Accuracy of the estimates is reported as bias-corrected and accelerated bootstrap 95% Confidence Intervals (BCa 95% CIs) [4]. BCa 95% CIs and effect sizes have been exponentiated in order to be interpreted as adjusted Odds Ratio (aOR) in case of logistic regressions, adjusted Incidence Rate Ratios (aIRR) in case of Poisson regressions, and adjusted hazard ratios (aHR) when considering the Cox model.

A relationship was considered significant when the BCa 95% CIs were either greater or smaller than the null effect. For each analysis, we took into account only subjects for whom the considered variables were present. The actual number of subjects that entered in each analysis is reported in each table.

We purposely decided not to report p-values since we believe this statistic can lead to a superficial if not mislead interpretation of research results [5], [6]. We believe that confidence intervals and effect sizes report all the information necessary for the interpretation of regression results, since they provide both a measure of uncertainty (the length of the confidence interval) and a estimation of the strength of the relationships (the effect sizes) between variables.

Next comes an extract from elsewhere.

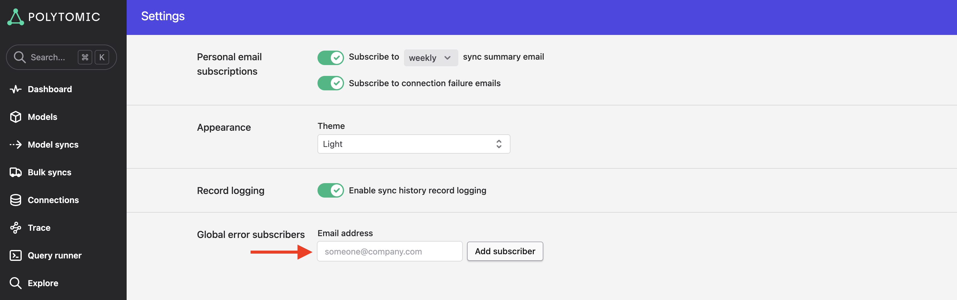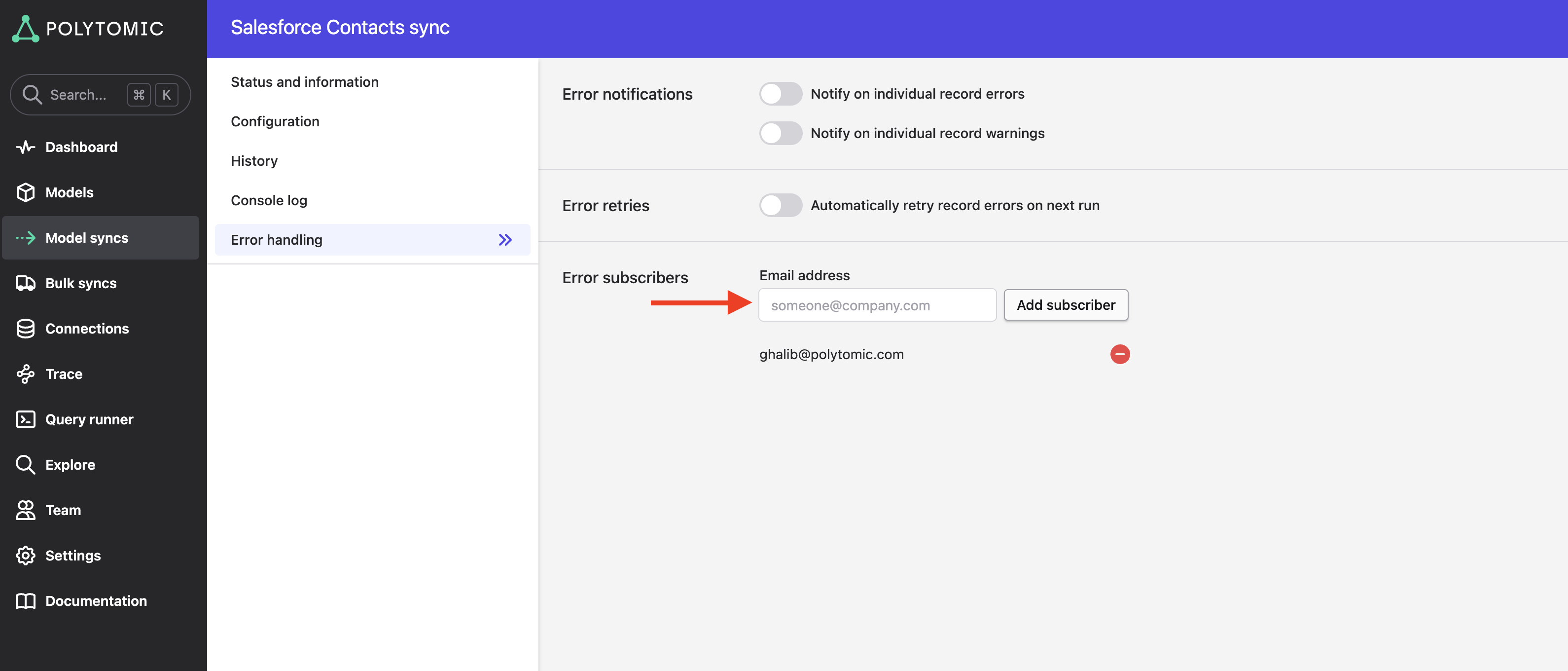 By default, each new sync created in Polytomic results in the creator user email address automatically being added to its error notification list:

We also report the sES in order to provide a further synthetic statistic which join precision and strength of an effect, giving an approximate degree of inferential importance without misleading probabilistic implications. Many share our criticism of p value, therefore we decided to avoid using it in this publication.

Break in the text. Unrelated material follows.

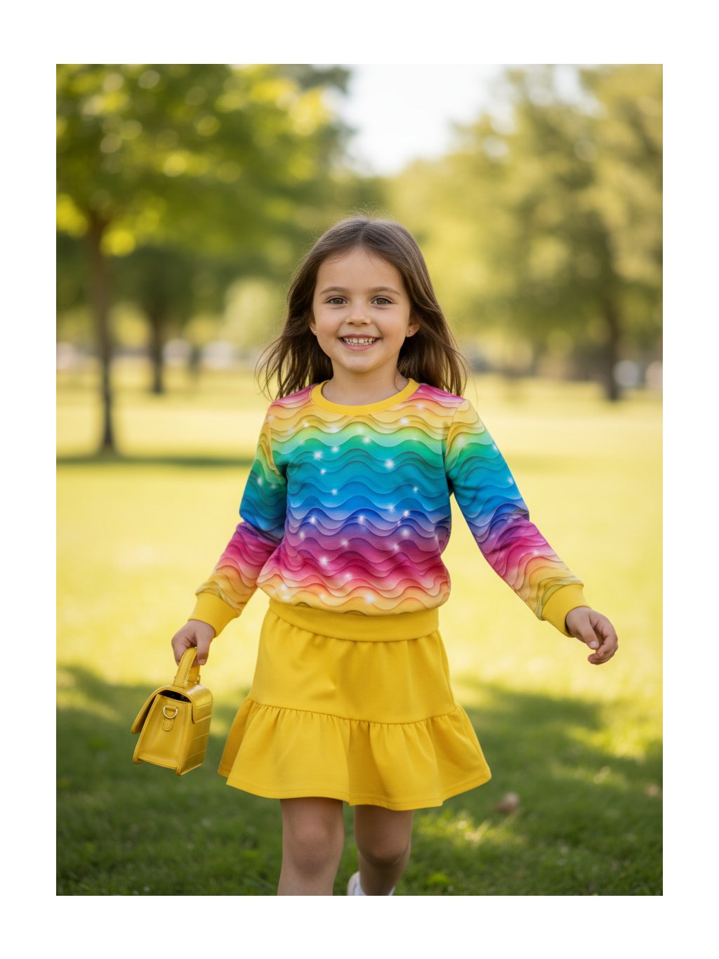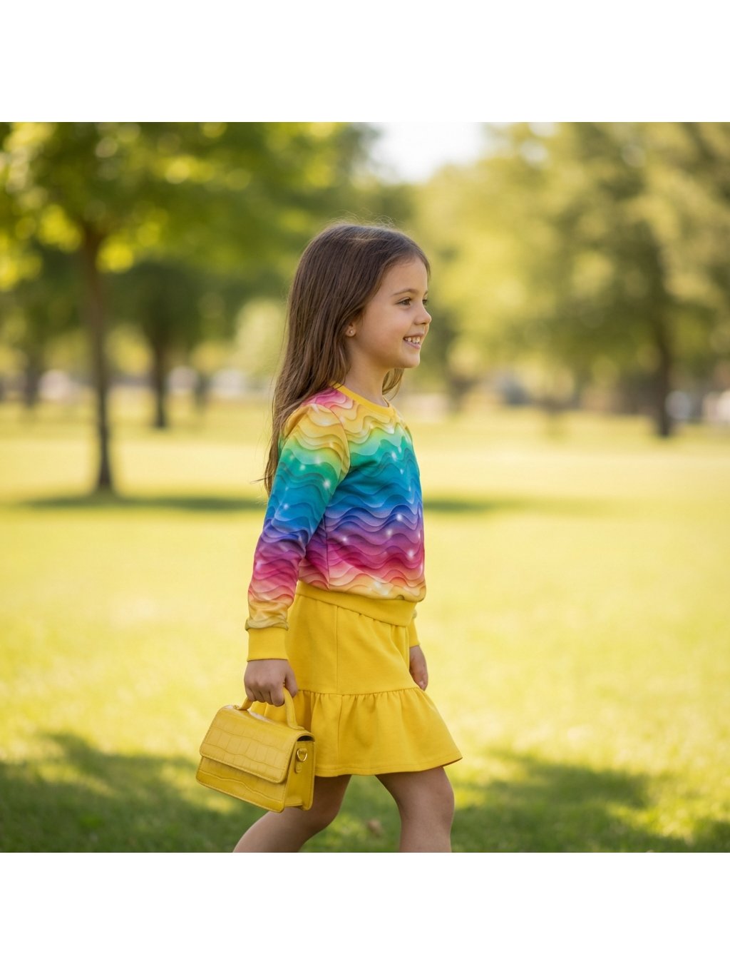 Naše stylová mikina s motivem duhy je vyrobena z kvalitní nepočesané teplákoviny. Tento materiál zajišťuje maximální pohodlí a příjemný pocit při nošení, a zároveň je odolný a dlouho vydrží. Mikina je ideální pro každodenní nošení, ať už venku, doma, nebo do školy.

Subject area	Clinical Cardiology, Genetics, Rare Diseases, Morbility and Mortality
More specific subject area	RASopathies, congenital heart defects, Hypertrophic Cardiomyopathy, Costello Syndrome, Noonan Syndrome, LEOPARD syndrome, cardiofaciocutaenous Syndrome
Type of data	Table, figures
How data was acquired	Clinicians analysis
Data format	Filtered and analyzed
Experimental factors	Molecular diagnosis was performed through a combination of Sanger sequencing and targeted resequencing directed to scan the entire coding sequence of CBL, PTPN11, SOS1, KRAS, HRAS, NRAS, SHOC2, RAF1, BRAF, MAP2K1 and MAP2K2 genes.
Experimental features	Analysis were retrospectively performed.
	Tables report the correlation between genetic testing and outcomes of the related research article.
	No experimental features were used or applied to data collection and analysis.
Data source location	Rome, Bologna, Padua, Turin, Genoa, Naples (Italy)
	London (United Kingdom)
Data accessibility	Data is with this article and not in a public repository
Related research article	Cardiac defects, morbidity and mortality in patients affected by RASopathies. CARNET study results.
	Calcagni G, Limongelli G, D'Ambrosio A, Gesualdo F, Digilio MC, Baban A, Albanese SB, Versacci P, De Luca E, Ferrero GB, Baldassarre G, Agnoletti G, Banaudi E, Marek J, Kaski JP, Tuo G, Russo MG, Pacileo G, Milanesi O, Messina D, Marasini M, Cairello F, Formigari R, Brighenti M, Dallapiccola B, Tartaglia M, Marino B.
	Int J Cardiol. 2017 Oct 15;245:92-98.doi:10.1016/j.ijcard.2017.07.068. Epub 2017 Jul 21.